Les militantes Femen Aleksandra Nemchinova, à gauche, Inna Chevchenko, au centre, Oksana Chachko, à droite, devant la presse à Kiev, en Ukraine, le 21 décembre 2011. Toutes trois ont été enlevées deux jours plus tôt par des agents de sécurité après avoir manifesté à Minsk, poitrines dénudées, pour marquer le premier anniversaire de la réélection controversée du président bélarusse Alexandre Loukachenko.
"Quand les Femen sont arrivées à Paris et qu'on les a vues pour la première fois, je pense que j'ai été comme tout le monde, mi-fascinée, mi-agacée, retrace-t-elle. Je n'ai pas vraiment compris, parce qu'on n'avait pas d'une explication claire sur pourquoi elles manifestaient comme ça".
Aujourd'hui, la réalisatrice souligne le fait qu'en Ukraine, la prostitution a pris une ampleur que l'Europe occidentale ne mesure pas. "Le corps de la femme y est utilisé par les hommes uniquement à des fins de plaisir masculin. Or ces filles sont très éduquées : elles lisent Clara Zetkin et les grands philosophes." Quand elles se rendent compte que l'Ukraine est considéré comme un "bordel", elles se rebellent, d'une rébellion joyeuse d'adolescente. Elles se disent : "Et si on utilisait notre corps pour passer un message politique, pour combattre l'injustice ? Puisque c'est pour ça qu'on nous regarde", explique Charlène Favier.
Oksana Chatchko, durant une manifestation des Femen à Paris en 2012.
"Oksana était incandescente, ambivalente, habitée, spirituelle, révolutionnaire... J'ai essayé de rentrer dans cette réalité hallucinée. C'était une âme d'artiste aussi, qui se laisse un peu dévorée par sa mission, dévorée par son art, dévorée par son absolutisme.", poursuit-elle.

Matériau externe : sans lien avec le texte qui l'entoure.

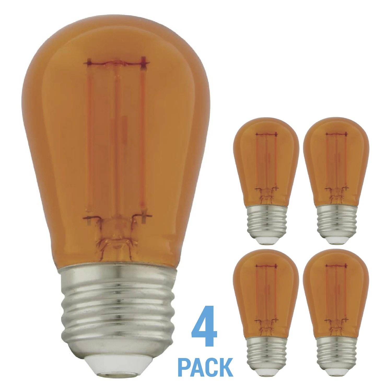 4 Pack Satco S8026 LED Filament 120V 1W =11W S14 Medium E26 Transparent Orange

Oksana Chatchko, radicale et sans concession, à la fois forte et fragile, était-elle minée par les rivalités internes aux Femen, dépassée par la médiatisation de figures du mouvement, marquée à vie par la répression ? Le film livre quelques pistes sur sa descente aux enfers. Mais laisse le spectateur trancher.